* _Instructions for the task_:
Please set down only the lines below starting with the line with "供應:Gessi Via Tortona" and going on through the line with "Elevate with our", verbatim and without pictures.

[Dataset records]
════════════════

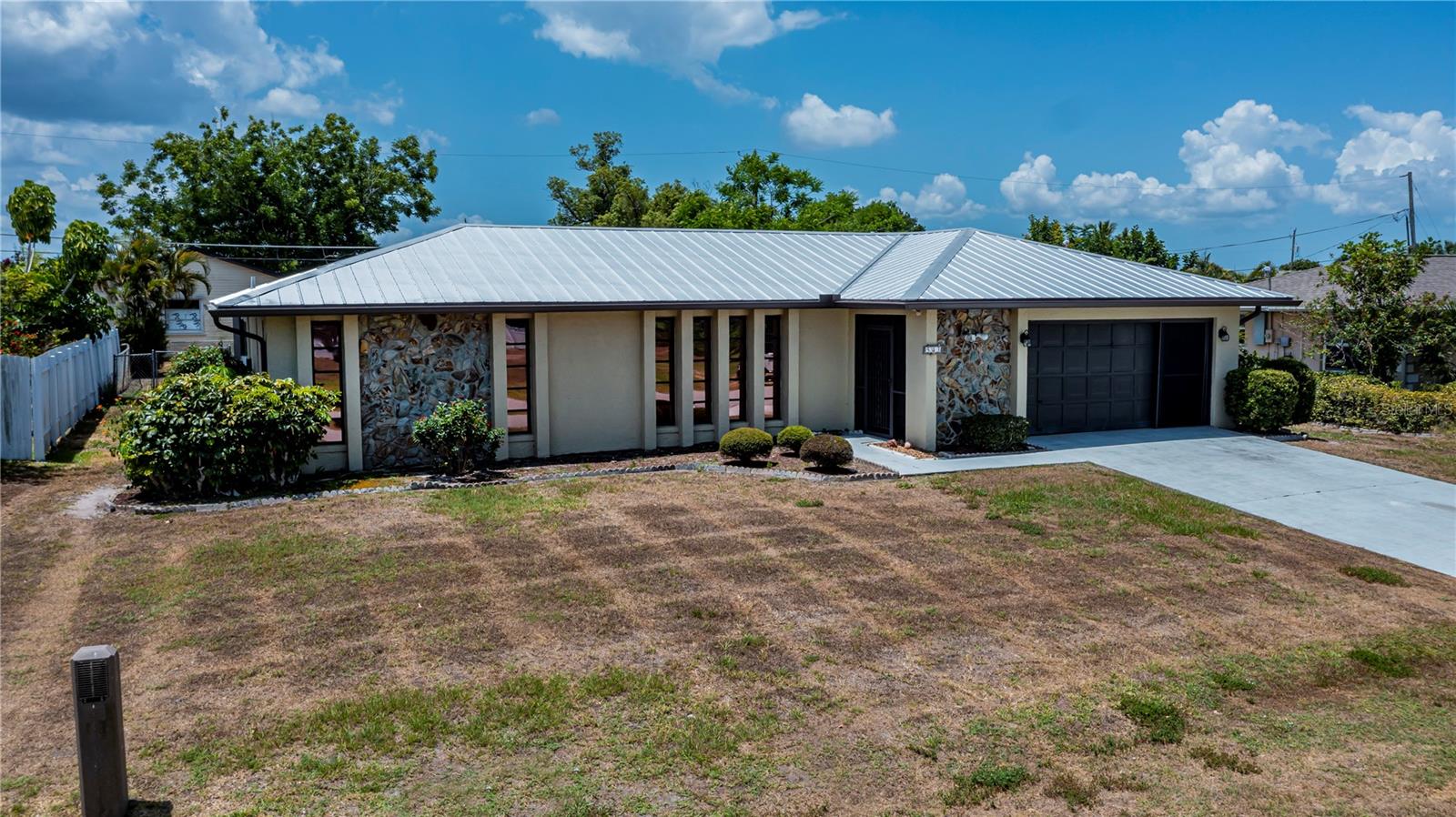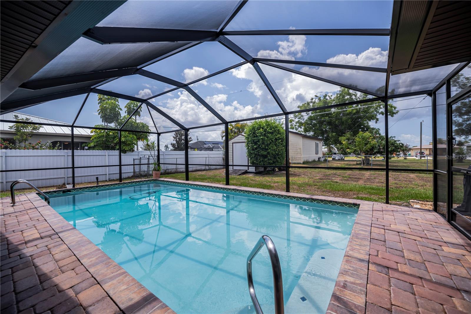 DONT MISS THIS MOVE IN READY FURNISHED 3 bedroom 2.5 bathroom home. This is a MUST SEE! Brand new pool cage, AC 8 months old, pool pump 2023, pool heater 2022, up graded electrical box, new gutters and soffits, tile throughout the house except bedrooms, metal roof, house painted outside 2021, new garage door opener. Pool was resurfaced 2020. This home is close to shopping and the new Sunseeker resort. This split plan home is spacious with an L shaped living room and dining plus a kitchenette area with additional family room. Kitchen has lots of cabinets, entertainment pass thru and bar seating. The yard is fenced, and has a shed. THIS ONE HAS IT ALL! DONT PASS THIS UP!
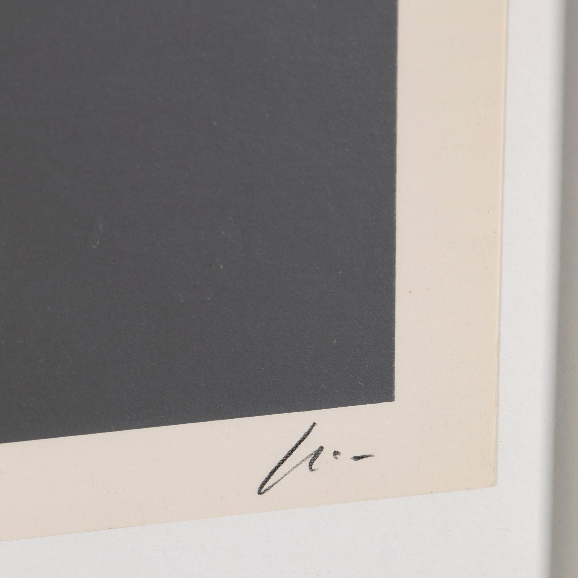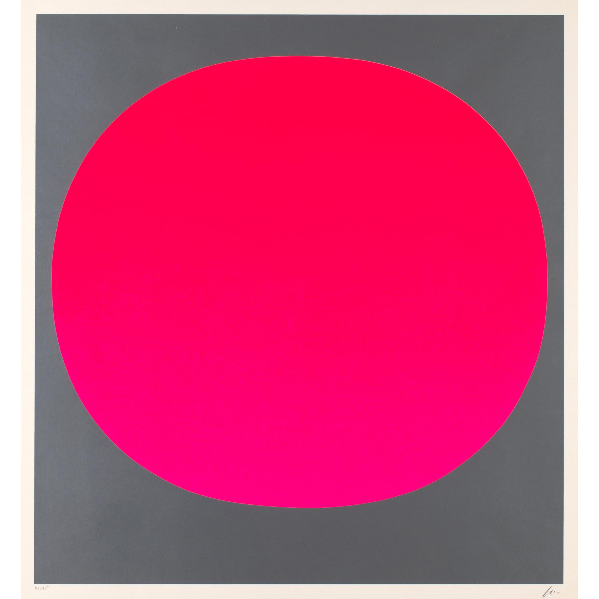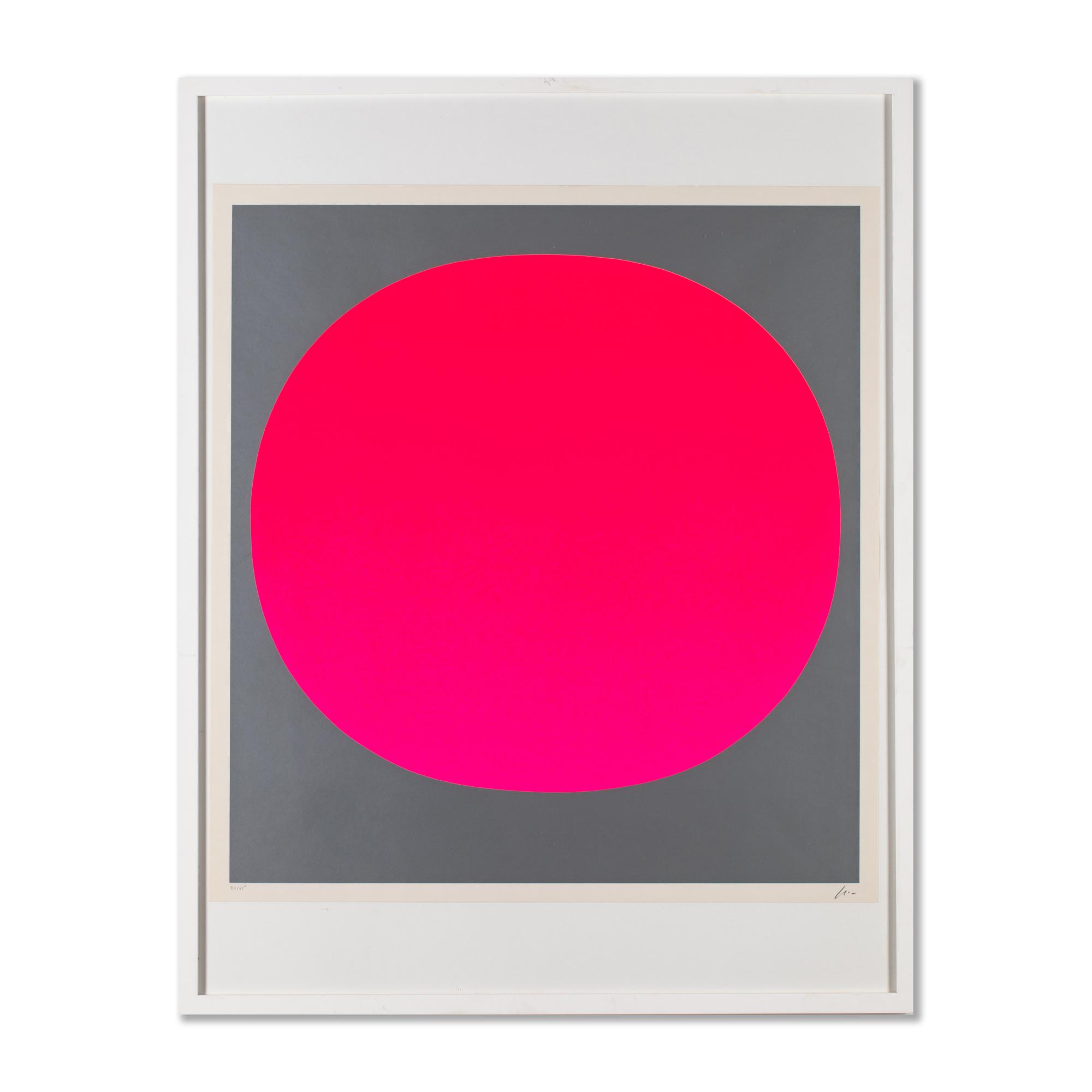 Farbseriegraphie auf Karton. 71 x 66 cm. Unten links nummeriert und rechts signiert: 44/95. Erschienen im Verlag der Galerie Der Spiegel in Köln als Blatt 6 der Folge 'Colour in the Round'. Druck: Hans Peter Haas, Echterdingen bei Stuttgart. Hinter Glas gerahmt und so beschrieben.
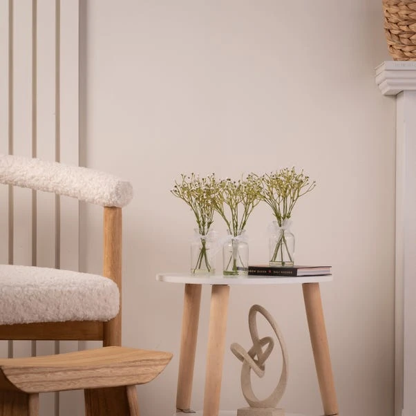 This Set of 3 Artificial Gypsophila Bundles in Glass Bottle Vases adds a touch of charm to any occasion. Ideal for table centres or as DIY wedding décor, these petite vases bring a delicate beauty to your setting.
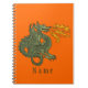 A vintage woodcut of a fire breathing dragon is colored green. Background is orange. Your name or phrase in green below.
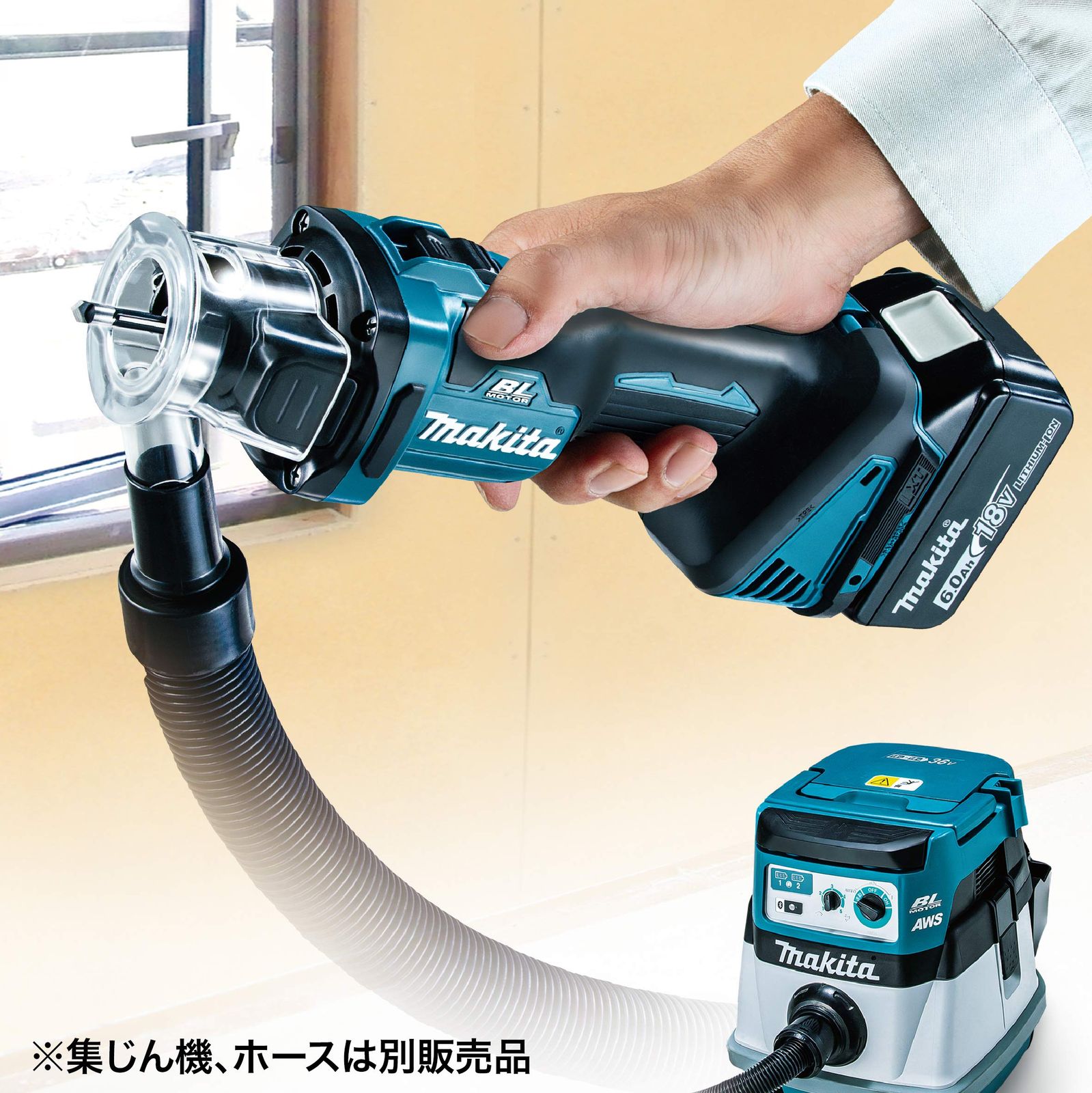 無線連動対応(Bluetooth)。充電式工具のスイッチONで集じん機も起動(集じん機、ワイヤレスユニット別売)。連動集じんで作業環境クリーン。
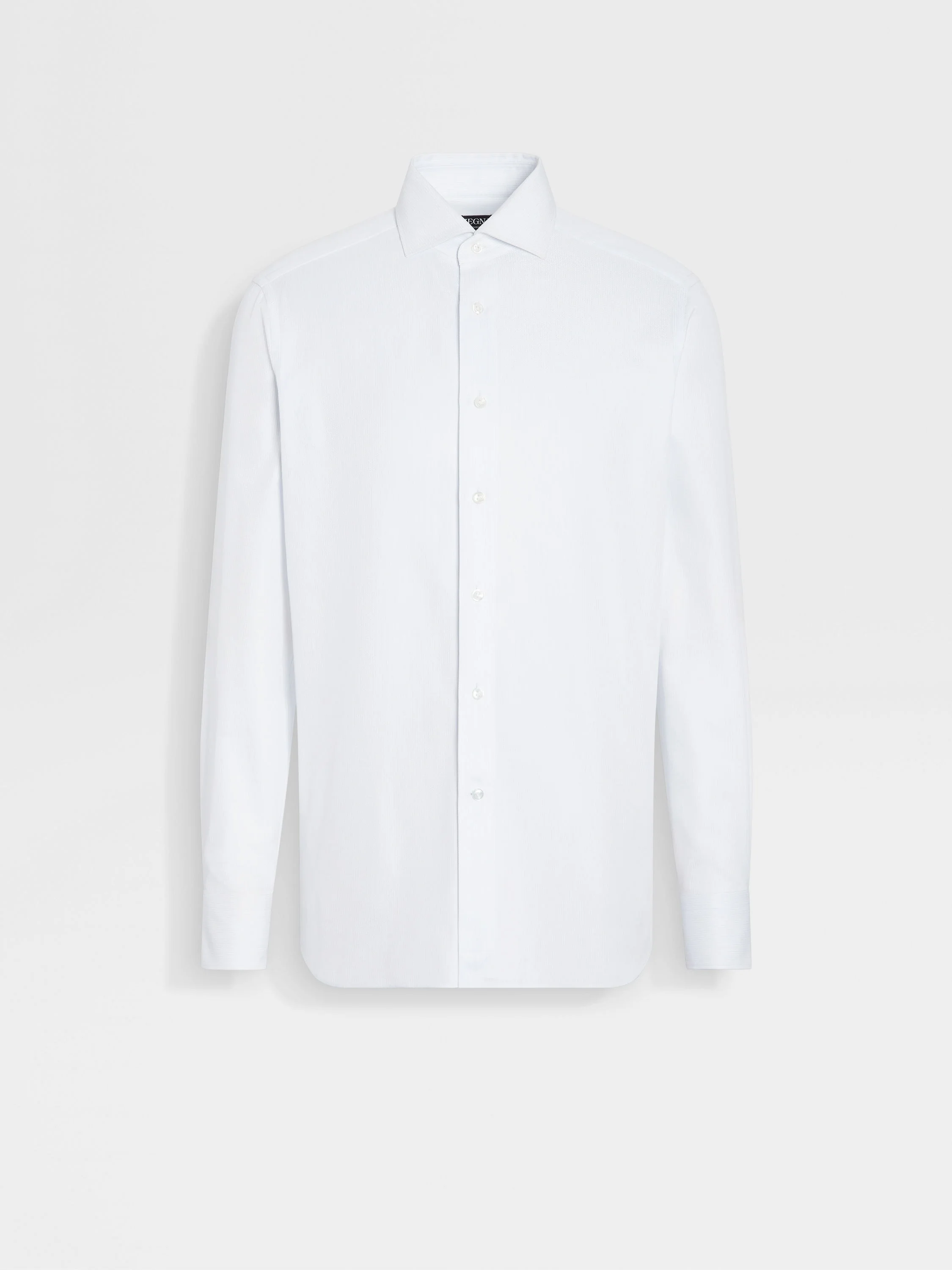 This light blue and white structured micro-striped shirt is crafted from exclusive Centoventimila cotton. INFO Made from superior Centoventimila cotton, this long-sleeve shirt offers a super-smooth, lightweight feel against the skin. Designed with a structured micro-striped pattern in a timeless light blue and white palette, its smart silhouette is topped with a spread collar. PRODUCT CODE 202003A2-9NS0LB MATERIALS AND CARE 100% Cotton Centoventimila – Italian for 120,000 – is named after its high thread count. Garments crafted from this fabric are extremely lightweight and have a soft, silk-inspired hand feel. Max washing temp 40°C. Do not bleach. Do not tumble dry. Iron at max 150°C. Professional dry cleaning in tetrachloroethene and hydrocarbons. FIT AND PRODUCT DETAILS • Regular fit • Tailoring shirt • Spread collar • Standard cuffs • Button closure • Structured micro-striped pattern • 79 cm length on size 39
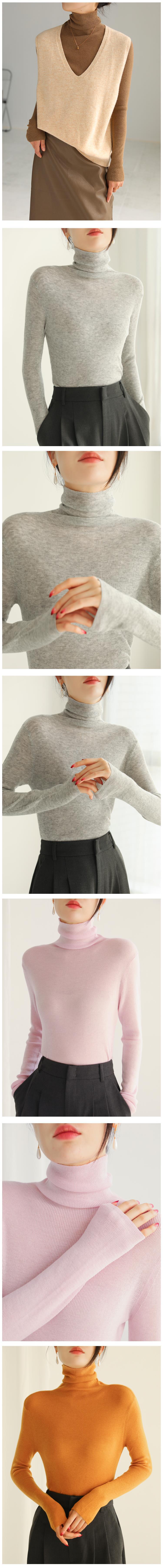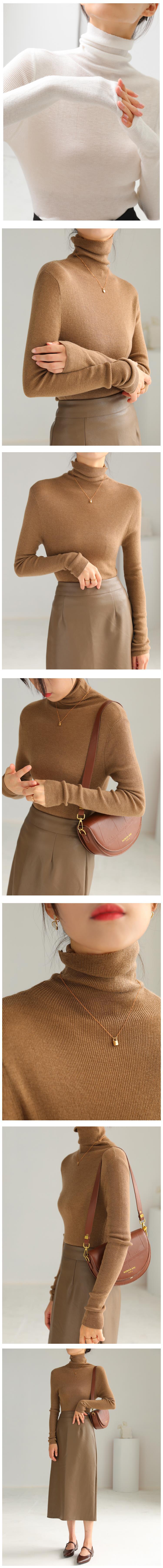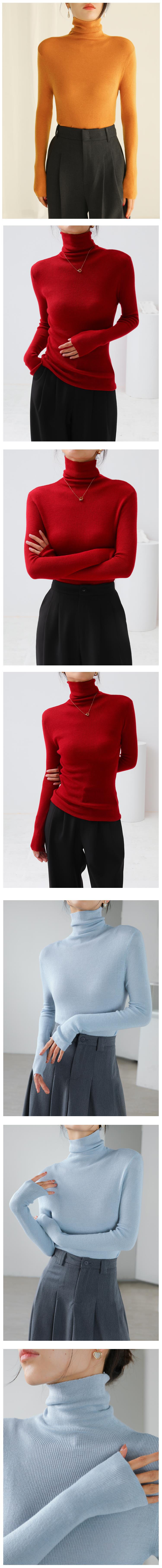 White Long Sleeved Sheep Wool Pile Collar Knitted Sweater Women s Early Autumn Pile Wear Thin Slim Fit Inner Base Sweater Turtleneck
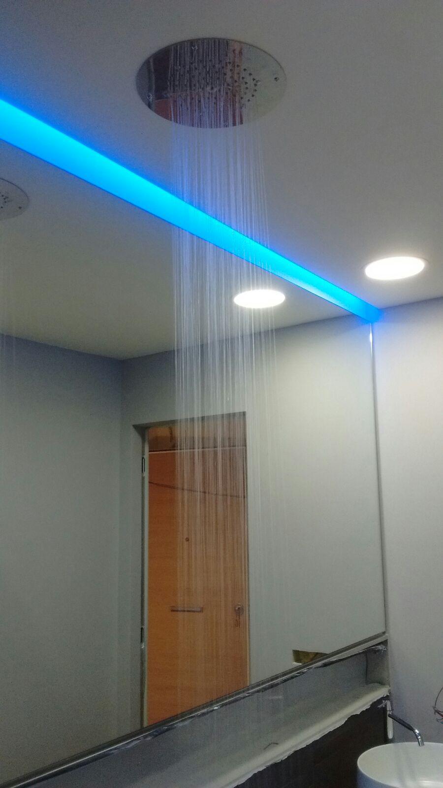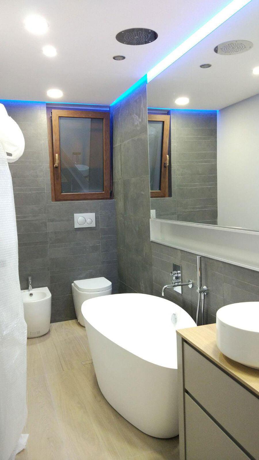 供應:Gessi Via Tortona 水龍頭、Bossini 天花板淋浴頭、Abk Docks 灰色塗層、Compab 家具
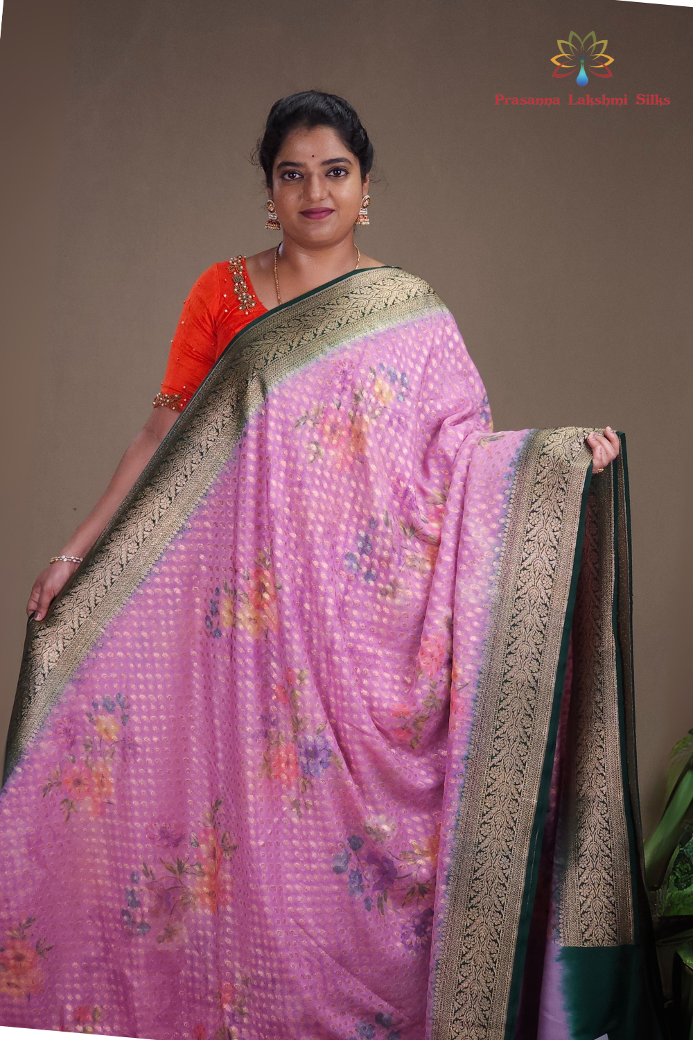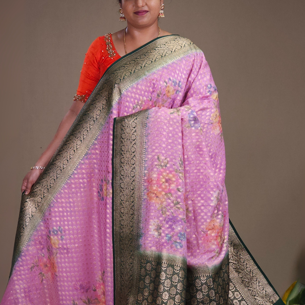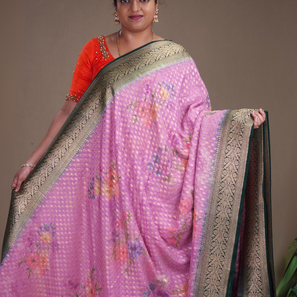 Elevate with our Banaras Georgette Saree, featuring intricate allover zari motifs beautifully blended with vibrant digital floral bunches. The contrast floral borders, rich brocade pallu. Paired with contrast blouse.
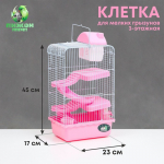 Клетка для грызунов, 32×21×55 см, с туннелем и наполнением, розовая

════════════════

* _Result below_:
 供應:Gessi Via Tortona 水龍頭、Bossini 天花板淋浴頭、Abk Docks 灰色塗層、Compab 家具
 Elevate with our Banaras Georgette Saree, featuring intricate allover zari motifs beautifully blended with vibrant digital floral bunches. The contrast floral borders, rich brocade pallu. Paired with contrast blouse.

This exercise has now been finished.